Friday, January 18, 2013

Poo-tee-weet.


Around that time, writing left me. Every night I tried, sat there with bloodshot eyes waiting for the morning, doodling distorted human faces in my notebook. Mornings were unbearable. The brightness was too blinding. The paper would still be empty. And the birds would start chirping. Poo-tee-weet. That really annoys me. Birds chirping early in the morning. I don't feel that there is anything worth chirping about the morning. It is way too bright, plus you have to fight the sudden realization that there are others awake now. Last night's mess is visible now. 

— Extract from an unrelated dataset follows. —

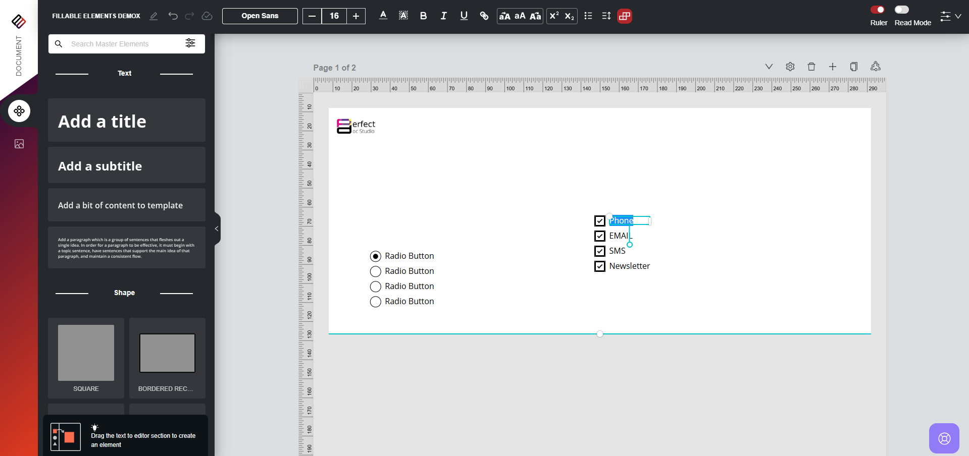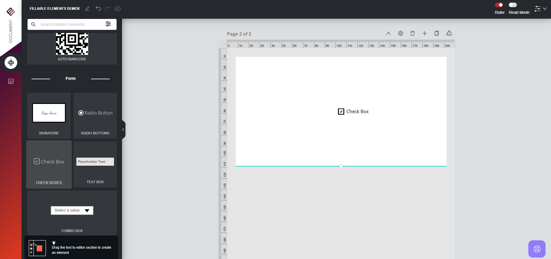 To insert a radio button, click the Check Box option from the Master Elements section in the side menu.

Once it is morning, sleep comes almost shamefully. Like a rape victim. Mornings come with cottonmouth and hunger and futility and the fucking chirping of the fucking birds. I would just smother my head with the pillow and make it as dark as I possibly could. And every morning, as I drifted off to sleep, I would think about those bands they use to cover their eyes while sleeping. Sleeping masks. That's what they're called. Sleeping masks. Every morning, I would think about sleeping masks. 

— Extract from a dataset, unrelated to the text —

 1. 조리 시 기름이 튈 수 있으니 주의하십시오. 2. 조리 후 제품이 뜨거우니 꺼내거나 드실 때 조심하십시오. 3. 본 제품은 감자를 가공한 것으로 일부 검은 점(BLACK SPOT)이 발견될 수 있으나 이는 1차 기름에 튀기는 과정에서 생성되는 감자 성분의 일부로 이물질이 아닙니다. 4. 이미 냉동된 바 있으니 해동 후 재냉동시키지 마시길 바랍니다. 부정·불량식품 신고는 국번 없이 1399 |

I close my eyes right now trying to remember that evening in Zari. Well, one of them, really. They have all melted and merged into a single representative by now. Of over-burnt tea and cow dung and Old Monk and incessant smoke. Or the long lost nights at Renusagar, on the dark little hill with the lake overlooking a million chimneys reaching up to a million stars, filling the air with grey clouds of nocturnal industry. Sad nights. Accumulating slowly but surely, coming to get you, little child. 

Dead dog lying in the middle of the highway, guts spilling out, still fresh. I walk around the carcass, minding the crows. I hate crows. Somewhere in Panjim, a car with bloodstains on its grill must be pulling over by now. People come to Goa to escape their sad meaningless lives. Where are the people already living in Goa supposed to go to? I go to Zari. Sit down in Patil kaka's chai shop listening to him verbally abuse his thirteen year old nephew. Watch the thin frail ghost of Zari stand dead center on the little road, arms tied behind his back and people driving around him, narrowly missing the possibility of another dead carcass. Watch little kids throwing stones at passing cars. Watch the dark concrete eyes of workers coming back from the factory. Watch out for all the shit, piss, scum and cat litter in the universe.

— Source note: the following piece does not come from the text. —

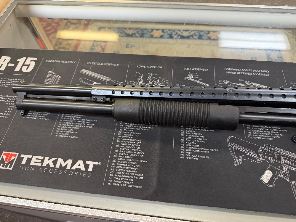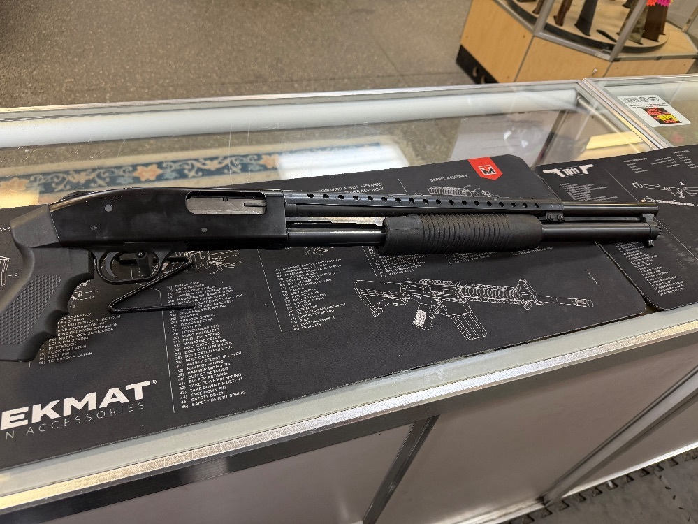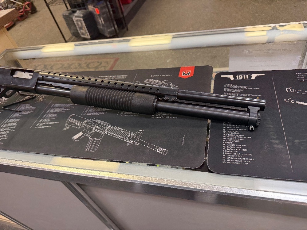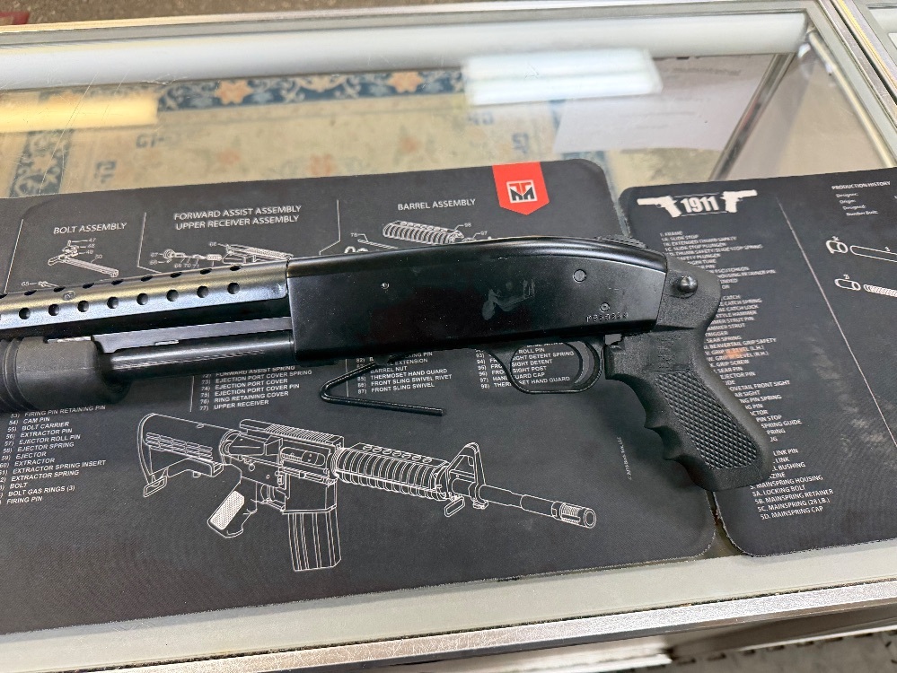 Mossberg model 500A pump action shotgun chambered in 12GA. Comes with a 18.5" barrel, fixed choke, 3" chamber and pistol grip. This is a used firearm. Use pictures for accurate description. If you have any questions or need more detailed pictures, please contact us

There was a fair here two days ago. The little village spiffed up. Most of the dog shit was gone. Long strings of pretty flashing lights were put up. In the evening the little street that bifurcated the village looked like the centre of the universe. So many people! Buying, selling, negotiating. Little stalls of cotton candy and ice cream and shiny metal trinkets. Footwear and handbags and little plastic helicopters that fly twenty feet when you pull the string. Little kids crawled like critters among sequoia trees; looked for their mothers. Balloons and toffee and earrings studded with shiny stones. Today it is all gone. The saffron on the street is there, though. The torn festoons are there. The only remnants. Like spoilt make-up on a weeping woman’s face.

Patil Kaka’s stall becomes dull at night. The feeble little tube light tries so hard, but falls short. Little crevices of darkness here and there, the place seems smaller than it actually is. A dusty calendar and a ritualistic photograph of some solemn deity sit on the pink wall, overlooking everything- the equally solemn patrons, Patil kaka telling his thirteen year old nephew how he will never be able to fuck in his life, and me, a stranger here too. Only the nephew is friends with me, for I buy him chocolate sometimes. And the poor little shack takes me, all my companions, even the government issue box of free condoms into her rat infested abdomen, with a surprising sense of complacency. It’s not like she can do anything about it anyway.

All she does is wait. Wait for a group of seven year olds, who come by every evening carrying pots and pans almost as big as themselves, begging for food. The whole village waits for them. For they go to every house, every shop and beg. And they take everything they get and demand for more and mix it all into those huge pots and pans that they carry; All of Zari’s leftovers into one. And they chirp around like tiny little songbirds, poo-tee-weet, in a language you and I will never understand. They brighten up every place they go, and the little shack waits for them, for they give her, and us, the one elusive shy smile we’ve been searching for the whole dastardly day. They take the loaf of bread Patil kaka gives them and keep it carefully among the pan full of yesterday night’s rotis. And then, tumbling amongst themselves, they fly away, leaving us utterly clueless, utterly alone.

The little shack darkens again. Utterly clueless, utterly alone. Like a lover, left behind.